9. Treatment of eosinophilic granulomatosis with polyangiitis (Churg-Strauss syndrome)
Most of the studies in AAV include only a small number of patients with EGPA or exclude them altogether. We will discuss trials performed specifically in EGPA.
9.1. EGPA with poor prognosis
A prospective, multicenter, randomized trial of patients newly diagnosed with EGPA and at least 1 poor prognosis factor (creatinine >140 μmol/l (1.58 mg/dl); proteinuria >1 gm/day; or central nervous system, gastrointestinal, or myocardial involvement) was conducted to determine the shortest immunosuppressant duration able to limit the occurrence of side effects and still induce and maintain disease remission by comparing glucocorticoids and 6 compared to 12 intravenous cyclophosphamide pulses . All patients received 3 consecutive intravenous pulses of methylprednisolone (15 mg/kg) followed by oral prednisone (1 mg/kg/day) for 3 weeks followed by a tapering regime. Intravenous cyclophosphamide (0.6 g/m2) was given every 2 weeks for 1 month, then every 4 weeks, and patients were randomized to receive either 6 or 12 cyclophosphamide pulses. The cumulative cyclophosphamide dose was twice as high in the 12-pulse group than in the 6-pulse group (6.6 g/m2 versus 3.48 g/m2). There was a non-significant difference in the proportion of patients achieving complete remission, at 91% for the group receiving 6 pulses and 84% for the group receiving 12 pulses. Relapse frequency demonstrated a trend to significance at 74% for the group receiving 6-pulses compared to 62% in the 12-pulse group (p=0.07), and the mean time to first relapse was 268 days in the 12-pulse group compared to 222 days in the 6-pulse group, although this was not statistically different.

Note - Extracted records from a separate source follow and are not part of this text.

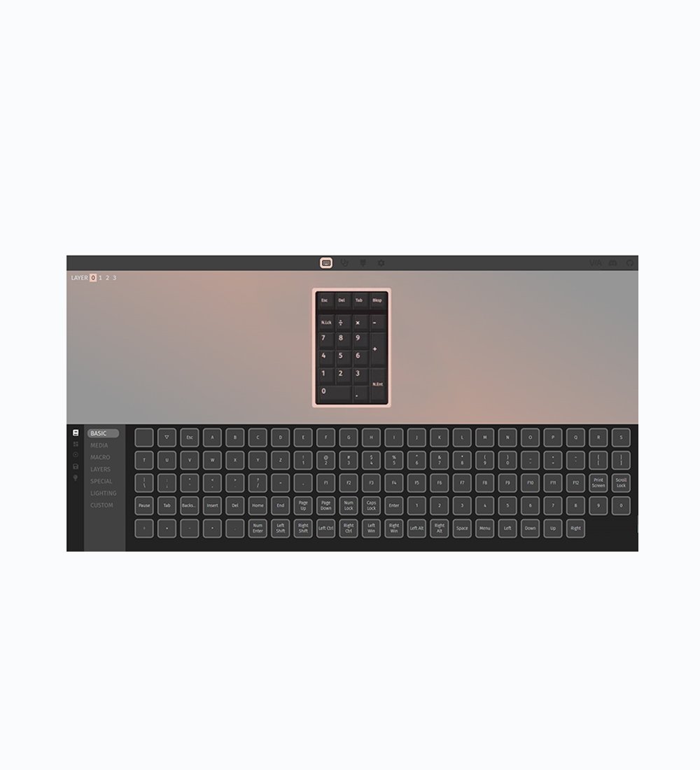 The keyboard features full support for QMK and VIA open-source firmware, enabling granular customization of all keys. Users can remap layouts, assign macros, configure shortcuts, and adjust RGB lighting effects via VIA's real-time interface.
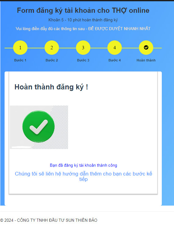 Bước 5: Đã hoàn thành đăng ký, Thợ vui lòng đợi chúng tôi sẽ liên hệ hướng dẫn thêm các bước tiếp theo
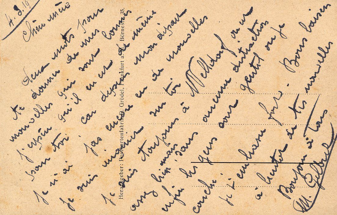La signature de l’Armistice le 11 novembre 1918 ne signifie pas la fin de la guerre pour de nombreux soldats. Gilbert Micheau lui, continua son service en Allemagne, à Walldorf . Là-bas, c’est de l’ennui dont il se plaint. Dans une de ses cartes datant du 4 mars 1919 il écrit: « Je suis toujours à Walldorf, on est assez bien mais sans aucune distraction » (voir lien vers lettre du 4 mars 1919).
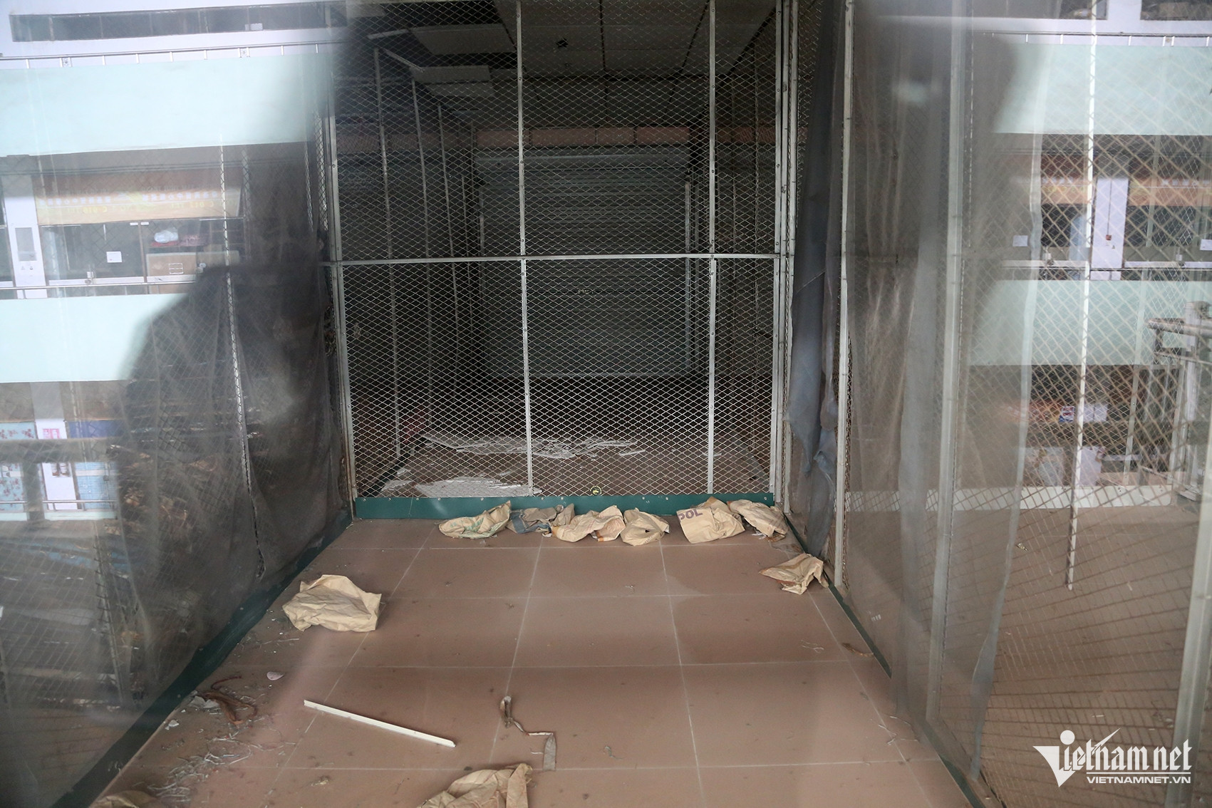 Bên trong trung tâm, bụi phủ dày lối đi, hàng loạt ki-ốt khóa cửa. Cơ sở vật chất trung tâm thương mại đã hư hỏng, hệ thống thang máy không hoạt động, cửa khung sắt hoen rỉ, khoảng sân bên trong thành bãi đỗ xe ô tô.
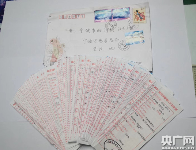 今天,寧波慈善總會(huì)收到一份掛號(hào)信,工作人員打開一看是厚厚的一沓匯款收據(jù),署名為“其然”?吹竭@里,工作人員知道老朋友“順其自然”又來了。細(xì)細(xì)一數(shù),共103張匯款單,101張是9999元,1張50元,1張51元。分別是從寧波市海曙區(qū)郵政大廈營(yíng)業(yè)所匯款50萬元,郵儲(chǔ)銀行寧波分行匯款51萬元,都是11月26日匯出。與以往一樣,“順其自然”將103張匯款收據(jù)寄給寧波慈善總會(huì),信上地址為長(zhǎng)春路1號(hào)。
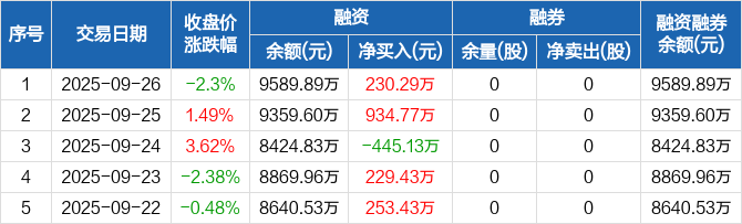 浩辰软件:融资净买入230.29万元,融资余额9589.89万元(09-26)
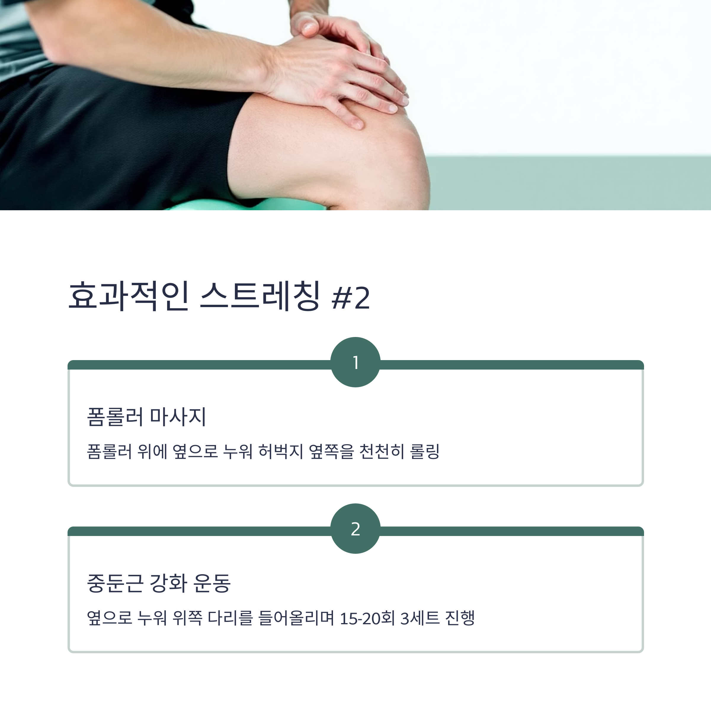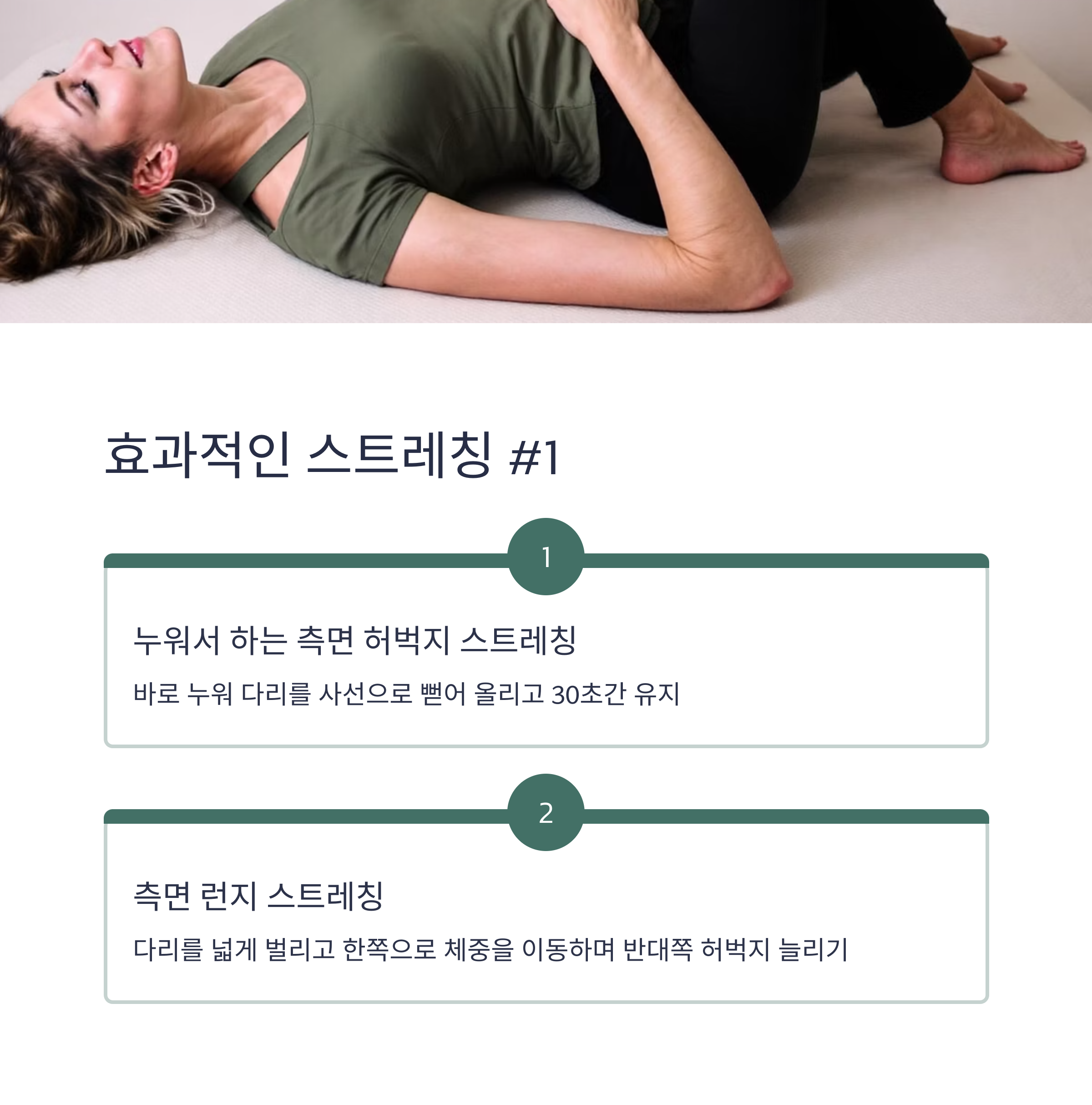 허벅지 옆쪽 통증 완화에 가장 효과적인 방법은 꾸준한 스트레칭이에요. 제가 직접 해보고 효과를 본 스트레칭 방법들을 소개해드릴게요.
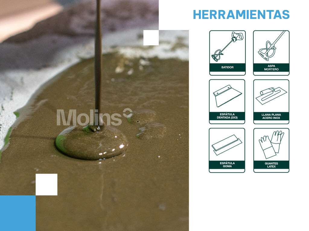 O consumo aproximado é de 2 kg/m2 e mm de espessura. Contudo, o consumo final dependerá, em larga medida, do estado do substrato, da sua porosidade e nivelamento, assim como das condicionantes da obra. |
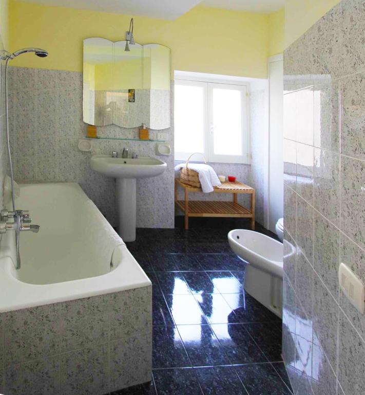 L'appartamento presenta 2 camere da letto, una TV a schermo piatto, un angolo cottura attrezzato con frigorifero e forno, una lavatrice e 2 bagni con bidet.
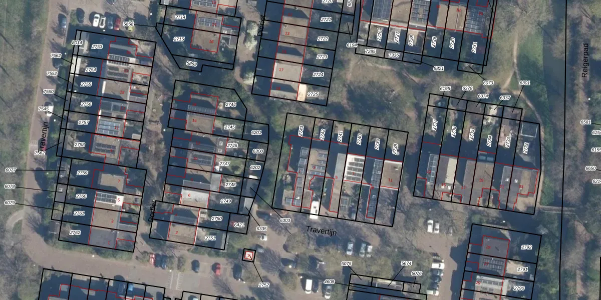 Het perceel waarop Travertijn 1 staat heeft een oppervlakte van 308 m². Dit is een groot perceel. De perceeloppervlakte wordt geregistreerd door het Kadaster. Gedetailleerde informatie over de maten van dit perceel kunt u vinden in het rapport Kadastrale kaart met maatvoering van Travertijn 1.
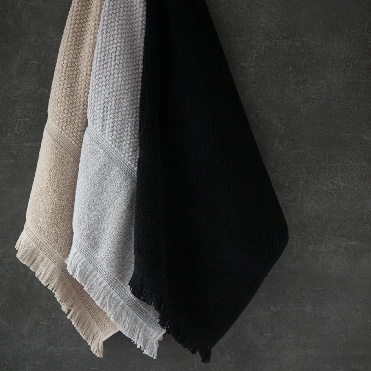 Ręczniki z kolekcji SANTORINI wyróżniają się miękką w dotyku, dekoracyjną fakturą. Posiada ozdobne frędzle, które dodadzą wnętrzu więcej przytulności.

Adverse events and deaths were equal between both groups.
9.2. EGPA without poor prognosis factor
One study examined treatment efficacy of corticosteroids as first-line treatment of EGPA without poor prognosis factors, and the use of azathioprine compared to intravenous cyclophosphamide for treatment failure or relapse . Subjects could receive 1 intravenous pulse of methylprednisolone (15 mg/kg) and then oral prednisone (1 mg/kg/day for 3 weeks) followed by a tapering regimen. If the prednisone could not be tapered below 20 mg, or if the patient experienced a relapse, they were randomized to azathioprine (2 mg/kg/day for 6 months) or 6 cyclophosphamide doses (0.6 g/m2 every 2 weeks for 1 month, then every 4 weeks). Ninety-three percent of subjects achieved remission, with a 1 year survival rate of 100% and 5 year survival rate of 97%. Of the subjects achieving remission, 37% relapsed, and 3% could not reduce their prednisone. A total of 19 subjects went onto randomization with 10 receiving cyclophosphamide and 9 receiving azathioprine. Fifty percent of the cyclophosphamide subjects achieved remission, compared to 78% of the azathioprine subjects. Low-dose corticosteroid therapy was required in 79% of subjects long-term, primarily due to lung disease.
10. Chapter summary
The treatment of AAV is directed at achieving disease control to prevent morbidity and mortality, while minimizing treatment toxicity. Corticosteroid use remains critical in rapidly achieving disease activity suppression, whereas cyclophosphamide and rituximab regimens should be reserved for induction of severe generalized disease, and plasma exchange for severe renal disease. In less severe cases of systemic disease methotrexate is suitable for remission induction. Maintenance of remission is achieved preferably with azathioprine or methotrexate, with leflunomide, mycophenolate mofetil and cyclophosphamide remaining as options. Finally, new discoveries and research will certify the role of alternative agents, such as monoclonal anti-tumor necrosis factor therapy, IVIg, DSG, ATG and CAMPATH-1, in refractory disease.